When speaking to ESOMAR council member, Lucy Davison, she shared why understanding and owning the values of the code are so important: “Trust in the data we collect and analyze, and the insights we provide is paramount to the future of market research. With the new Code, ESOMAR provides the ethical guardrails to ensure that what we do is honest and transparent. As we charge headlong into the AI-driven world, this new code is designed to guide us as human researchers to use AI with humanity.”

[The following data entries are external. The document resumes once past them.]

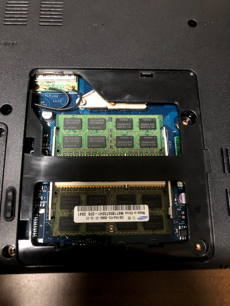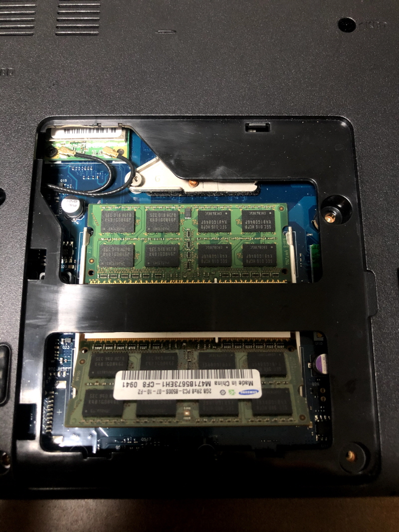 기존 2GB 램이 꽂혀있네요. 그리고 아래에 램 추가할 수 있게 슬롯이 비어 있네요.
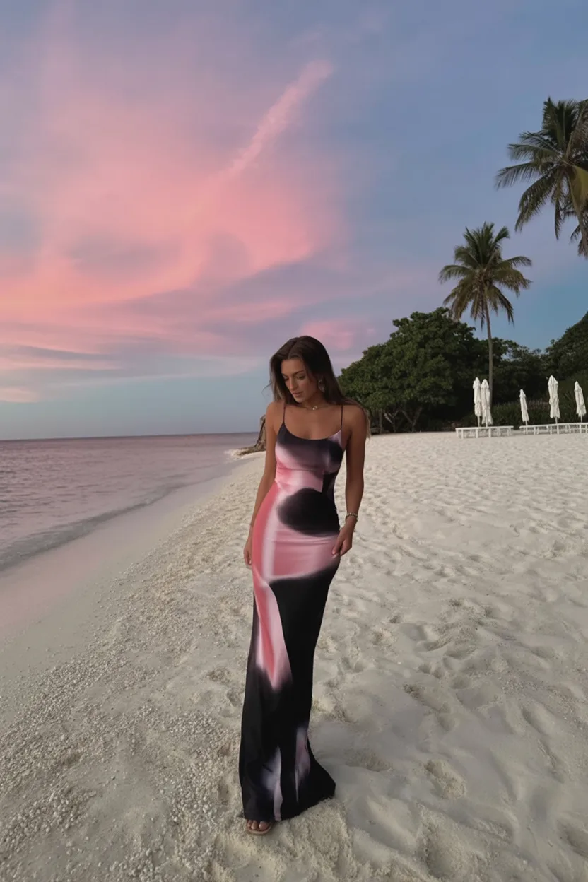 This Long flowing maxi dress feels like a sunset captured in fabric—soft blends of color that shift with every step. It has that quiet, cinematic beauty that makes even a simple walk feel like a scene from a movie. There’s something deeply calming and elegant about this silhouette, especially when paired with an open sky and warm evening air.
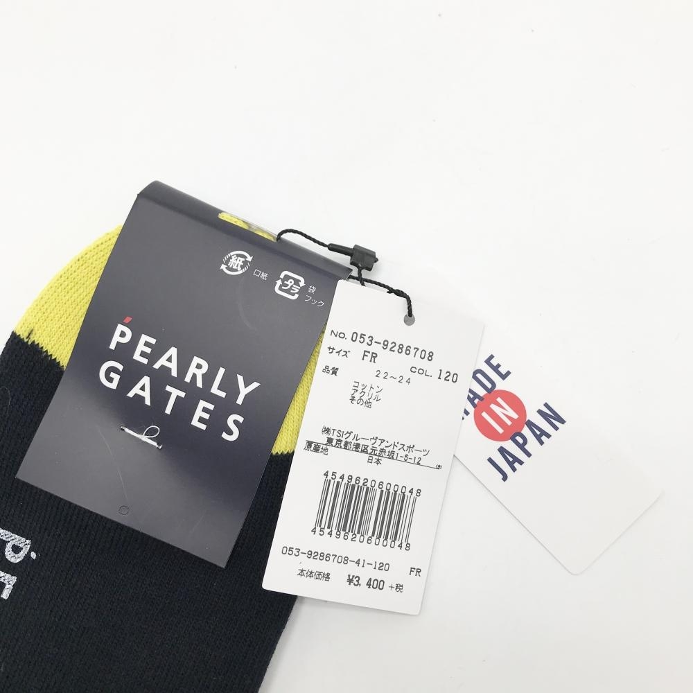 【新品】パーリーゲイツ ニーハイソックス ネイビー×イエロー ロゴ 日本製 レディース FR(225-24cm) ゴルフウェア PEARLY GATES

This article explores some key parts of the code and the wider conversation around ethical and fair use of AI for researchers and participants.
The AI explosion
What was once a manual labor-intensive process of switching between platforms to copy and paste data and manually coding answers is now aided by a host of AI tools and integrations that can cut research time in half. Global investment in AI is booming. The AI sector is growing at ~40% CAGR, with organizations adopting new ways of working and new platforms coming out every month.
However, with great power comes great responsibility. As research agencies aim to push the pedal to the metal on speed to insight, they face a challenge: Take advantage of AI’s capabilities while safeguarding ethical standards and respondent trust. The stakes are high; public confidence in research depends on it being conducted honestly, objectively, and without infringing on privacy. Missteps not only risk compliance issues but can erode the foundational trust that respondents, clients, and the public place in our industry.
But all is not lost. The research industry is perfectly poised to play fairly in this digital revolution. Ethics, honesty, informed consent, and best practices are so ingrained that most researchers are likely already aligned with the ICC/ESOMAR Code and research with great integrity.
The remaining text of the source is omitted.